Estranhamente nem eu, nem o Manuel Faria de Castro - assim se chamava o meu novo e primeiro interlocutor – nos lembrávamos ou sequer tínhamos uma vaga memória de nos termos cruzado a bordo do Carvalho Araújo. O navio era muito grande, transportava muita gente e nem sequer trajávamos de fato preto como os do segundo ano. 

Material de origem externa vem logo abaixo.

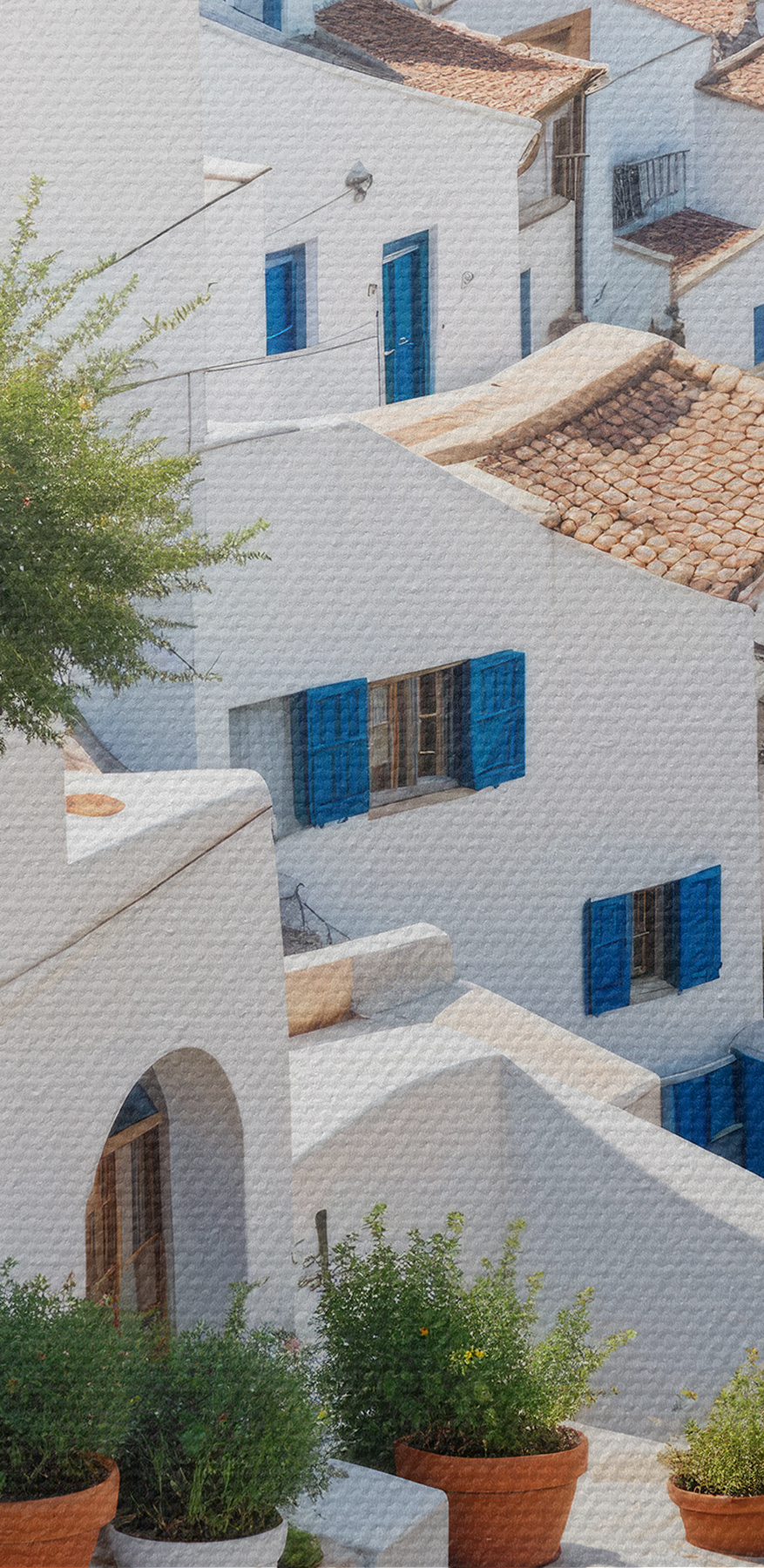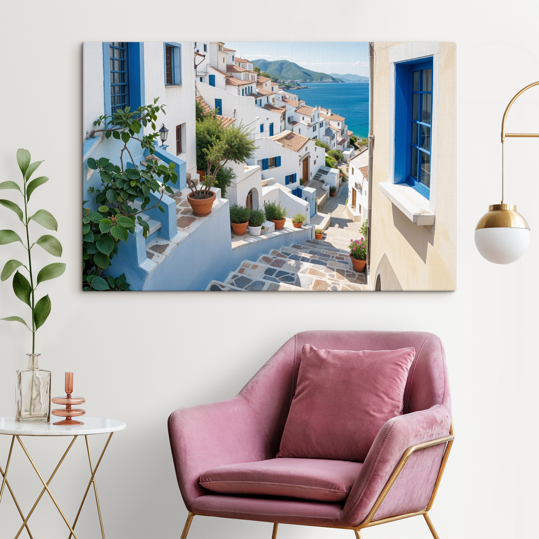 Intrați într-o lume fermecătoare cu această imprimare pe pânză a unei scări pitorești care șerpuiește printr-un oraș încântător. Fiecare răsucire atrage privirea, invitând la visarea cu ochii deschiși a după-amiezilor însorite și a conversațiilor șoptite la cafea. Accentele de albastru ar putea înveseli chiar și cea mai morocănoasă zi de luni. Imaginați-vă această piesă într-un colț confortabil, stârnind conversații despre călătorii și aventuri – cine nu ar vrea să vorbească despre un loc care pare un refugiu secret? Este ca și cum ai aduce o felie de soare chiar în casa ta, perfectă pentru cei care iubesc un pic de dorință de călătorie în decorul lor. Fiecare privire ne amintește de frumusețea care ne așteaptă chiar în fața ușii.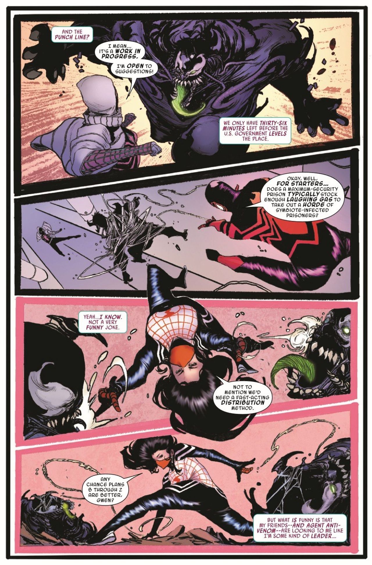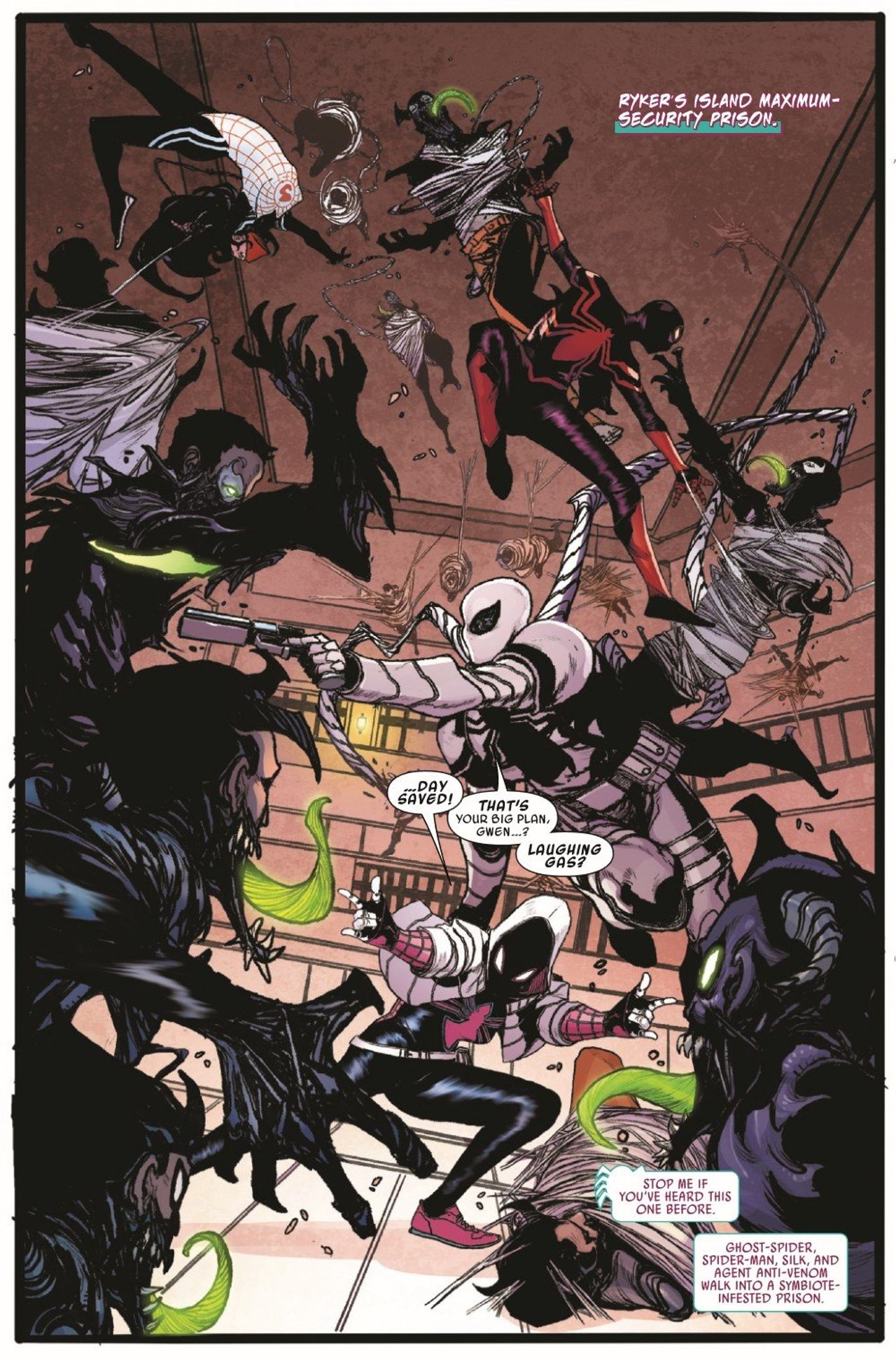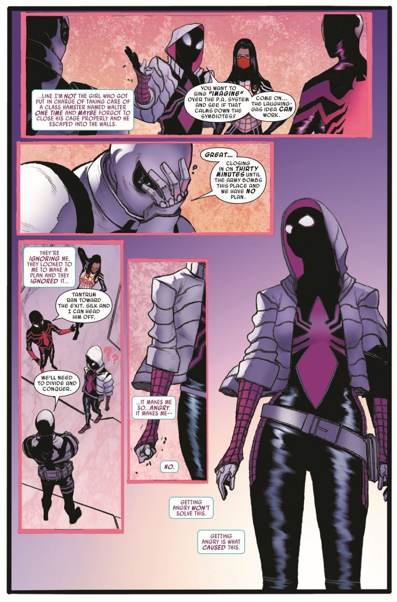 CAUGHT IN HER OWN WEB?! Ghost-Spider is ensnared in a web of trouble she stirred up herself! Thankfully, she has friends on her side in the form of Silk, Miles Morales and new ally Agent Anti-Venom, Flash Thompson! Is it enough to overcome a foe fueled by their own anger?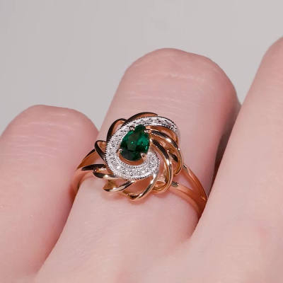 Золотое кольцо с бриллиантами природными и изумрудом выращенным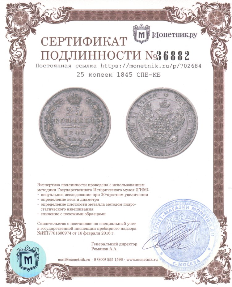 25 копеек 1845 СПБ-КБ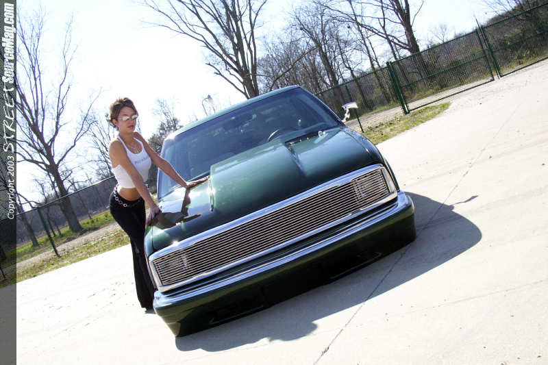 Next Damion swapped the roll pan that was previously installed for a Sophie roll pan with a clear taillight combo. To finish off the bed area Damion wrapped the bed area in a custom carpet kit. To make a few more ponies out of the 4.3 V6 a Ractive air intake system was installed and a Power Programmer was used to reprogram the computer to add the go fast appeal of the dime. To get rid of spent gasses a two chamber Flow-Master was then installed. To finish off the engine area assorted billet accessories were then installed under the hood. Now Damion had the show winning combination he wanted to achieve. Damion has shown his dime at such shows at New Orleans World of Wheels, Showfest, Lake Front Tour, Mardi Gras Nationals and several local events, taking home trophies at each to prove that this is not just another S-10. You can expect to see more of this ultra clean dime this next show season all over the south. There is no way Damion could forget to thank his wife Heidi who has put up with his costly obsession and past projects. Damion would also like to thank his club Envious Styles for all their support and hard work to make this truck happen. At a price tag of over 20g's to build this truck will make anyone Green with Envy.
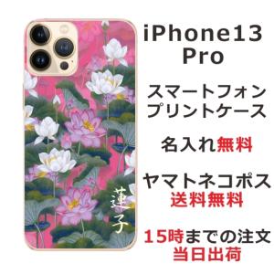 - iPhone13 Pro アイフォン13プロ らふら 名入れ スマホケース 和柄 蓮花ピンク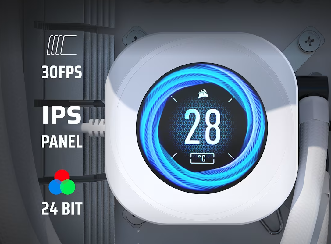 Wyświetla temperaturę procesora, animowane GIF-y, memy lub logo zespołu na wyrazistym ekranie 480 x 480 IPS przy prędkości 30 FPS z ultrajasnym podświetleniem 600 cd/m² i ponad 16,7 milionami kolorów. Oprogramowanie iCUE zawiera pełną integrację GIPHY w aplikacji, dając dostęp do tysięcy ulubionych memów i GIF-ów.

Como eu, o Manuel Faria também espelhava no rosto um misto de tristeza, de estranheza, de mágoa e de angústia, não tanto por estar em São Miguel, longe de casa e da família, mas pelas consequências da crise sísmica, verificada no ano anterior. A Praia do Norte fora a freguesia faialense mais atingida pelo vulcão dos Capelinhos e a família dele, uma das mais prejudicadas. Os pais e os irmãos haviam ficado sem casa, sem campos, sem gado, sem trabalho, sem nada. Muito possivelmente seriam forçados a emigrar para a América ou para a África. De olhos rasos de lágrimas, lado a lado comigo, a caminho da Gaspar Frutuoso, contava-me as cenas horrorosas que durante dias e meses havia vivido, juntamente com os pais e irmãos, durante aquela catastrófica crise sísmica. Foi esta troca recíproca de mágoas e tristezas, este comungar de dissabores e angústias que nos havia de unir e tornar grandes amigos durante os primeiros anos.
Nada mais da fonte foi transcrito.